Work request:
Repeat the span of the entries below that starts at the line with "A movement-based sequence" and ends at the line with "3D Blue Almond", nothing more. Skip the pictures.

Dataset:
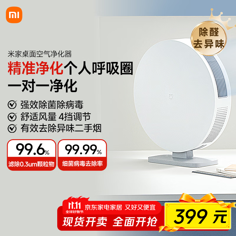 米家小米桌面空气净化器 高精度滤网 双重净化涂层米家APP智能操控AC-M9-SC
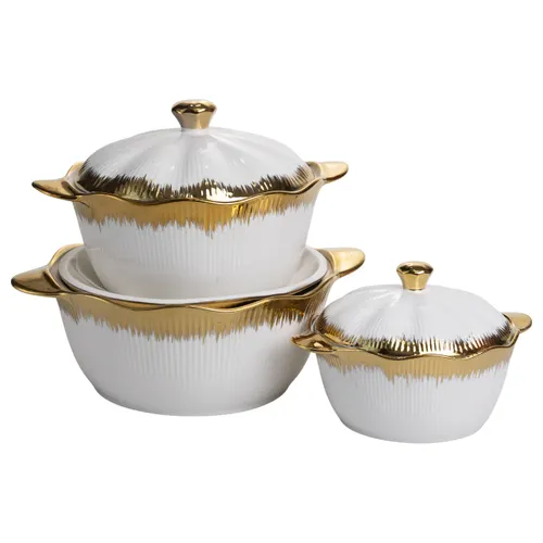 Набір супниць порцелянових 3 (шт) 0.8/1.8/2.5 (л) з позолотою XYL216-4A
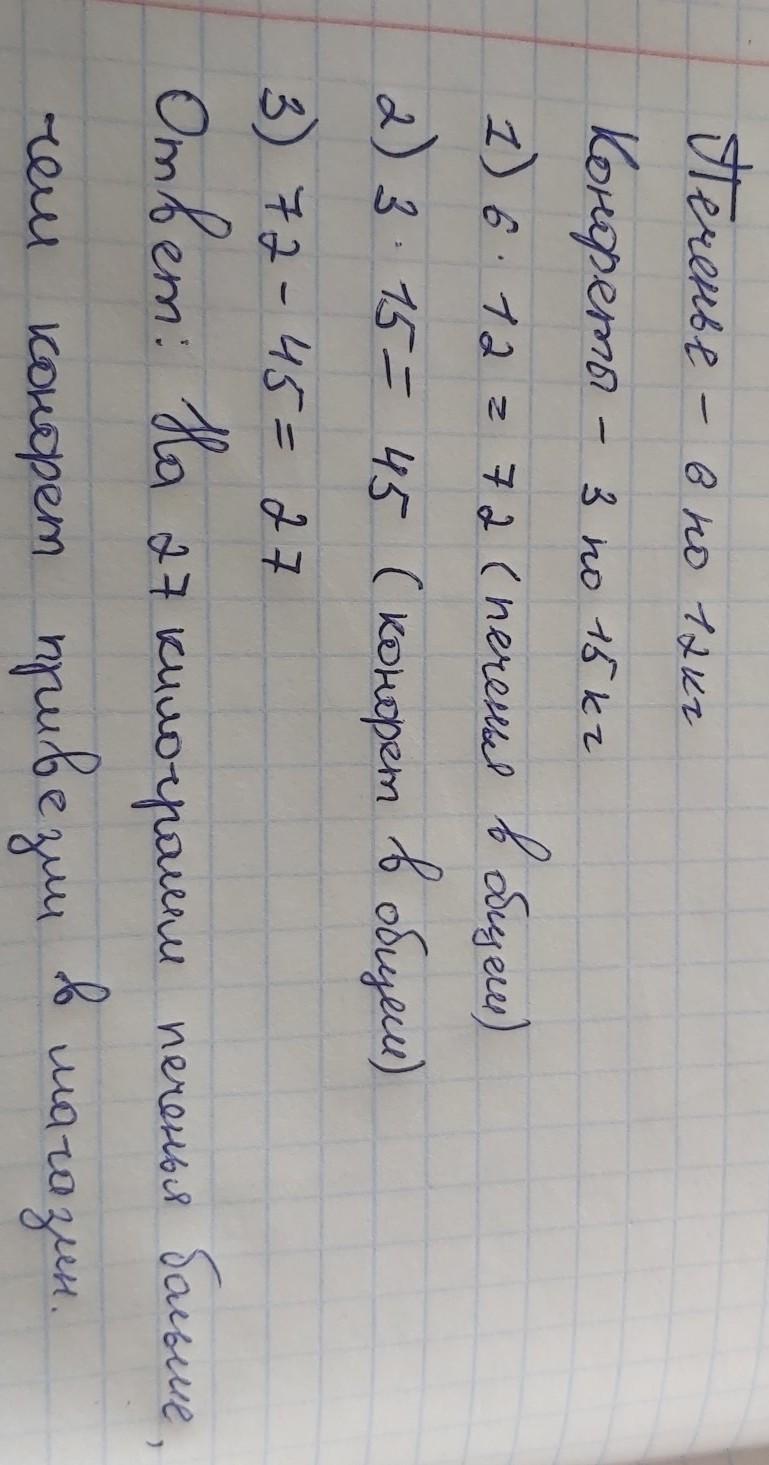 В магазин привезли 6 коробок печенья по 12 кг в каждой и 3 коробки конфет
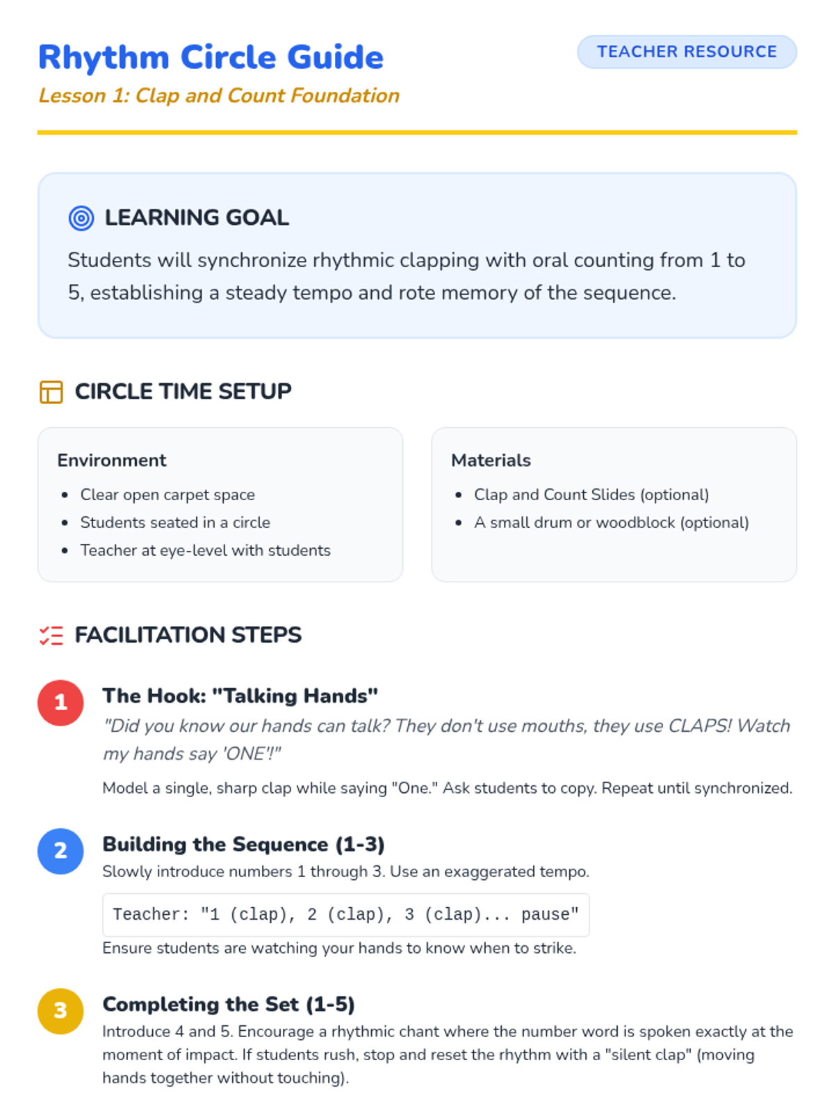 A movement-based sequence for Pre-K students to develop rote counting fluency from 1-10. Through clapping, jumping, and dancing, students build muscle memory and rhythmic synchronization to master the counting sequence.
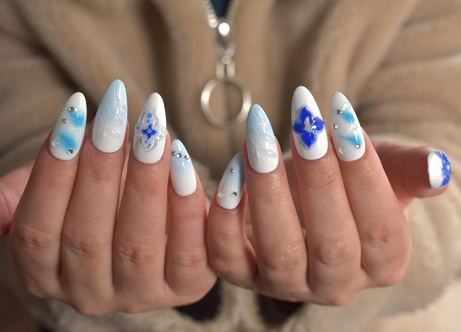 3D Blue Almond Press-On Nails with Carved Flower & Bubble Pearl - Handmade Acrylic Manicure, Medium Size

--

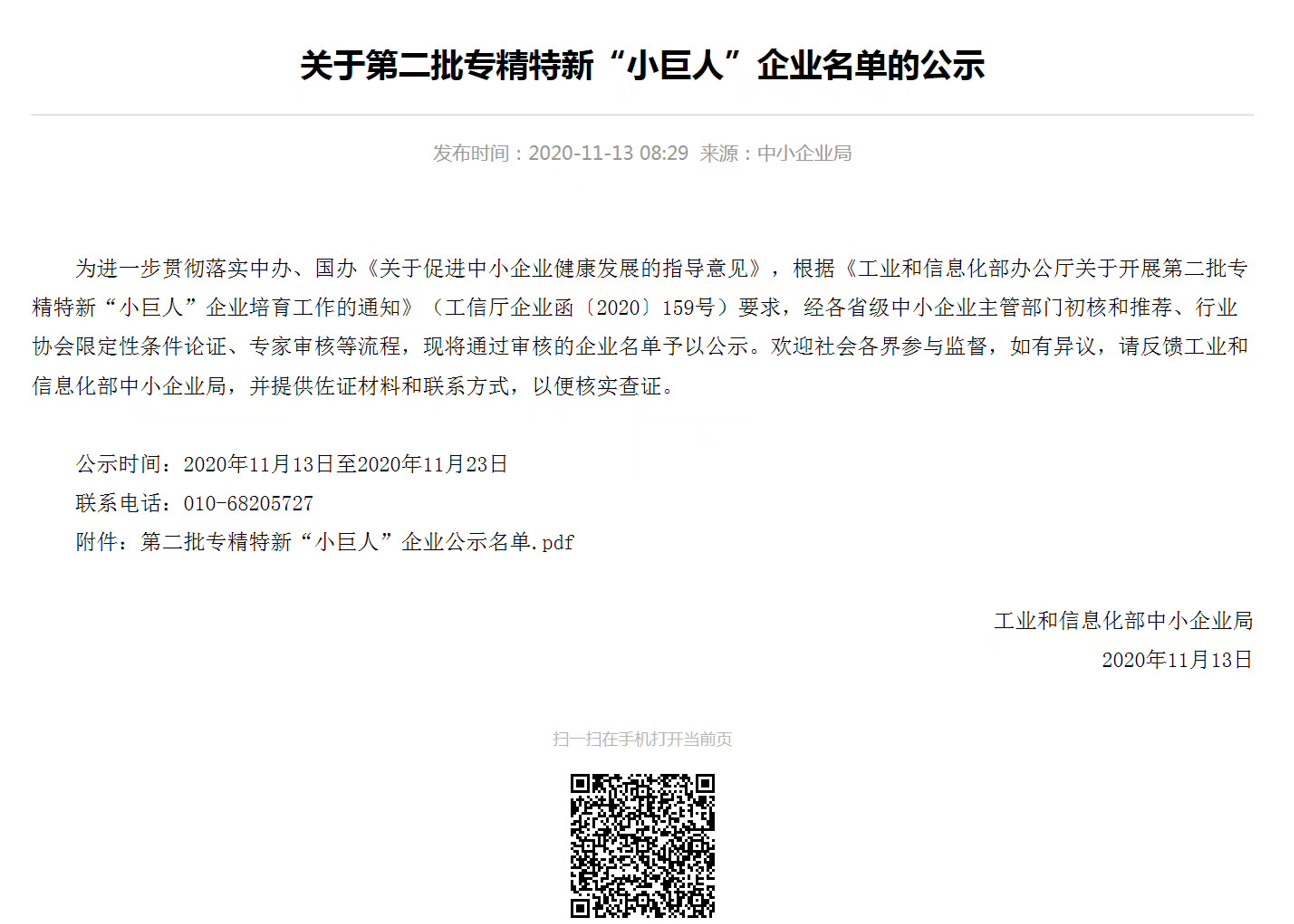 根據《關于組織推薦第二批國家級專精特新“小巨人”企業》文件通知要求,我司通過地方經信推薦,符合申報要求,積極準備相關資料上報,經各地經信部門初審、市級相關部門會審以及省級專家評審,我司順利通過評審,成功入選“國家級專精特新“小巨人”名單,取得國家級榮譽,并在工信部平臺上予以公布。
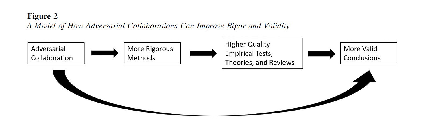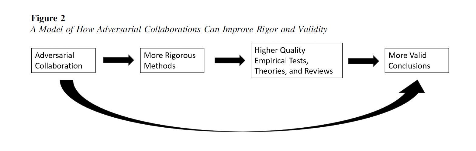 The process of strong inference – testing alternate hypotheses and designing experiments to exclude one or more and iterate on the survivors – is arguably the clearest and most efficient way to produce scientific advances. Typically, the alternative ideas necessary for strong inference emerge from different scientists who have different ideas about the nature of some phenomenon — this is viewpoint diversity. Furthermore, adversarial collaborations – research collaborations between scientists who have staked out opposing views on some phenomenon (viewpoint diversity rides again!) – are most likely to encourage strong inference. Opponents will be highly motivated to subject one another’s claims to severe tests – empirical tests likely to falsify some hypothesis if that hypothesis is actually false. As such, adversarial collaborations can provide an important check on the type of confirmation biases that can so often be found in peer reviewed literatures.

---

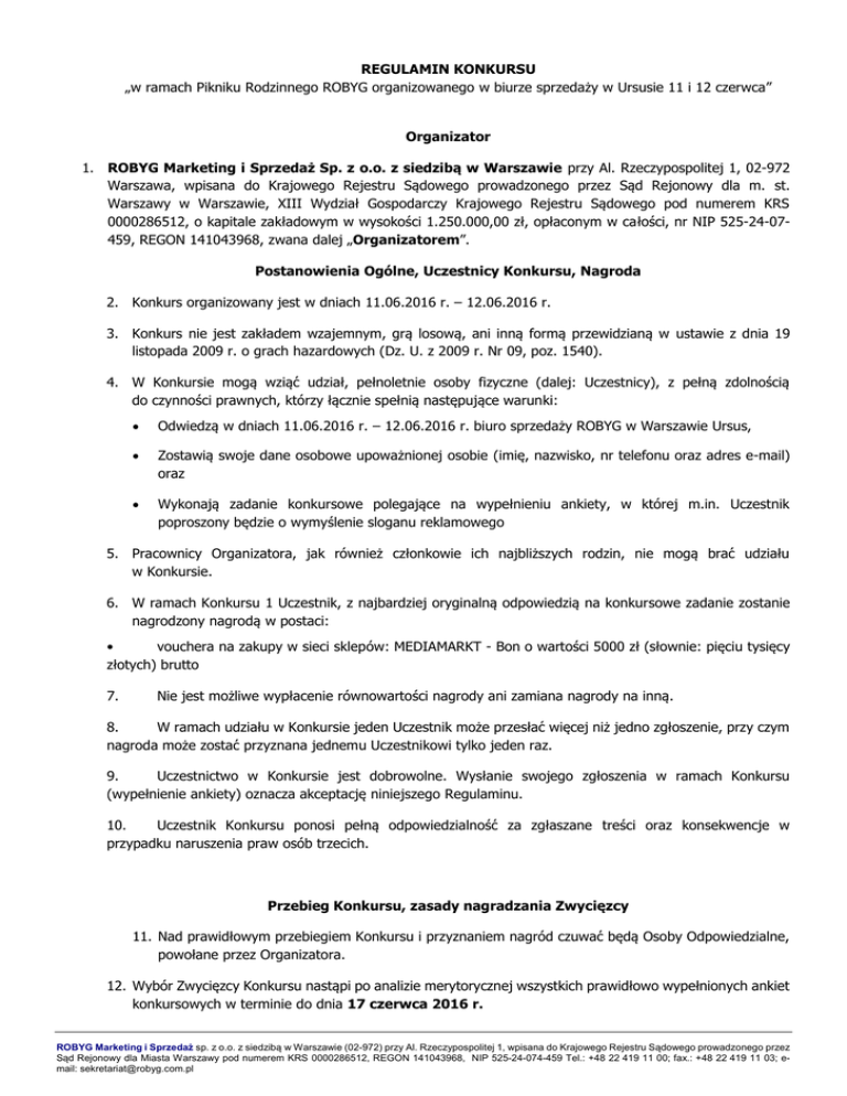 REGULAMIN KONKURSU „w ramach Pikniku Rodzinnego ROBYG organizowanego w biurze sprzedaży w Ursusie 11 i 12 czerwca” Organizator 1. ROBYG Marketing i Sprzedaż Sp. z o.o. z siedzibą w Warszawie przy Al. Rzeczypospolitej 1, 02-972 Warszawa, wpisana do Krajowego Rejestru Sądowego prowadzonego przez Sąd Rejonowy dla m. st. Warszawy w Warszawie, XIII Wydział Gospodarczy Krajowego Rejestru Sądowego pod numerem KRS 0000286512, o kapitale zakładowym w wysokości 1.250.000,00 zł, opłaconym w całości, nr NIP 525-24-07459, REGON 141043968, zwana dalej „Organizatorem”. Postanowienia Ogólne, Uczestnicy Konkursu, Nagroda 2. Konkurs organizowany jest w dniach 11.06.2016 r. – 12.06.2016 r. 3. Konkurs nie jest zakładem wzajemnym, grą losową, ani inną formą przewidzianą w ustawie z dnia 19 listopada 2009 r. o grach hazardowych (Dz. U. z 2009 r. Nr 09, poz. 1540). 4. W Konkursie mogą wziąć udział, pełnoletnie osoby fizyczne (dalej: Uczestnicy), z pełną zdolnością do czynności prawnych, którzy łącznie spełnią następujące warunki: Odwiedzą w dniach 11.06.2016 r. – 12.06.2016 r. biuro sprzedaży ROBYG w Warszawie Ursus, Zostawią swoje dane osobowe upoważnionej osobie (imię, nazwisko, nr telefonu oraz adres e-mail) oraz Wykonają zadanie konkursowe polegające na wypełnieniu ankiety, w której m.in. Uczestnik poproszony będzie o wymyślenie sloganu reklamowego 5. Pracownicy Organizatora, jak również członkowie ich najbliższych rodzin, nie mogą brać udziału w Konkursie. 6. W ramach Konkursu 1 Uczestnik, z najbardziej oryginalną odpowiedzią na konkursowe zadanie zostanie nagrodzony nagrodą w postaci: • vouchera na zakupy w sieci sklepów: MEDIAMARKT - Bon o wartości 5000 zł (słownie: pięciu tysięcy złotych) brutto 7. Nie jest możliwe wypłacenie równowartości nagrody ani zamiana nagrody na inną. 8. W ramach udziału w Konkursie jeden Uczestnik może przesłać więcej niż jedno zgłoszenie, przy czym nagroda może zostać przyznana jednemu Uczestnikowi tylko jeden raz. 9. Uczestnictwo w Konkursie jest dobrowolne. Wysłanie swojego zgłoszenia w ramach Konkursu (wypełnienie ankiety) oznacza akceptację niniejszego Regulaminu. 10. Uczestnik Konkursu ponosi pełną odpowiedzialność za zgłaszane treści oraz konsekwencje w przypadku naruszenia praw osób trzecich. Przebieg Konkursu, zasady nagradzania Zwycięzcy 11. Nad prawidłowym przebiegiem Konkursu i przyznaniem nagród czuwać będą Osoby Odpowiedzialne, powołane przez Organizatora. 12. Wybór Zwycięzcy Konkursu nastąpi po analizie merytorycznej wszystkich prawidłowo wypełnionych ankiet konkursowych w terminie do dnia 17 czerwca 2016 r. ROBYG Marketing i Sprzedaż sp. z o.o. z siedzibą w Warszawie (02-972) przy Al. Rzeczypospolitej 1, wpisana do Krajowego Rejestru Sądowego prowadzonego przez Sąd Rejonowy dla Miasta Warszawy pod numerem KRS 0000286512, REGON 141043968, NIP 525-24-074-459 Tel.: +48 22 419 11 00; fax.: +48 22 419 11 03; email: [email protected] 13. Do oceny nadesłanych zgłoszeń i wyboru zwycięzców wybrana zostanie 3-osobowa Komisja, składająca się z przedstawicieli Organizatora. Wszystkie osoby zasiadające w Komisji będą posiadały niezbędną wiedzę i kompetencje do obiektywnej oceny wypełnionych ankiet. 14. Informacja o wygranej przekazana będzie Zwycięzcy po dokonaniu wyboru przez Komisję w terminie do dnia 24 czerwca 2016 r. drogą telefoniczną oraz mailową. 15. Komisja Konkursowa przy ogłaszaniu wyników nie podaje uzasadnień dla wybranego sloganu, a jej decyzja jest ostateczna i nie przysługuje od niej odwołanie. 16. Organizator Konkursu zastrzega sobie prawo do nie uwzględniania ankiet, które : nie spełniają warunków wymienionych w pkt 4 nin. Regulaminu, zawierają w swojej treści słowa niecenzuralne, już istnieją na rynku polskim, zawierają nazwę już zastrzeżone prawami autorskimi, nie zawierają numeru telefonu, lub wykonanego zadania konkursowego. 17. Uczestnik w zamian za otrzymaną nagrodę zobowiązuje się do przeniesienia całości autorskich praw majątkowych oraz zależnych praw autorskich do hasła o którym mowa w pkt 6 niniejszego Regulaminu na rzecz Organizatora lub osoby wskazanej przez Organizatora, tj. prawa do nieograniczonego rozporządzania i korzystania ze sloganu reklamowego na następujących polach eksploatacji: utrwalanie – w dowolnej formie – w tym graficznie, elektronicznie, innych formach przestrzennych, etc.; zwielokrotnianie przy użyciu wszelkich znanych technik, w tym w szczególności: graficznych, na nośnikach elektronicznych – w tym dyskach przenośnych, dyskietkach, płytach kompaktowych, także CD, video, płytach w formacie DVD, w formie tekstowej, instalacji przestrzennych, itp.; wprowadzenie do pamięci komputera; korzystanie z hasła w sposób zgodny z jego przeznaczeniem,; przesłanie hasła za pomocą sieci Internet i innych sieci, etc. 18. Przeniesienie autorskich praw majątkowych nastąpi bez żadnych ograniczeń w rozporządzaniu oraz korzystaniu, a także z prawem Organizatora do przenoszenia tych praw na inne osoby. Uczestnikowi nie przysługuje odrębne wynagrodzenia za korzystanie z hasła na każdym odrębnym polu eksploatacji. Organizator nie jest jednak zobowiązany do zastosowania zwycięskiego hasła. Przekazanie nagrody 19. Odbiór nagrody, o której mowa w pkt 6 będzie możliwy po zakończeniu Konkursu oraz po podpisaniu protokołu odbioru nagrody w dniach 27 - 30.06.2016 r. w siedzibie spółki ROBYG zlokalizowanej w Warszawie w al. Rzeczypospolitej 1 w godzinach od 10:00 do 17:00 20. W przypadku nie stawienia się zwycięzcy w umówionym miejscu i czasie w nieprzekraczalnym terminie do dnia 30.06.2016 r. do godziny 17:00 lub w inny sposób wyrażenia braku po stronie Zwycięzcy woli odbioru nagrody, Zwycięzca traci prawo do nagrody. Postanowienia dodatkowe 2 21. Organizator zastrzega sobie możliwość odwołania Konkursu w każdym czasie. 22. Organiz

The answer:
 A movement-based sequence for Pre-K students to develop rote counting fluency from 1-10. Through clapping, jumping, and dancing, students build muscle memory and rhythmic synchronization to master the counting sequence.
 3D Blue Almond Press-On Nails with Carved Flower & Bubble Pearl - Handmade Acrylic Manicure, Medium Size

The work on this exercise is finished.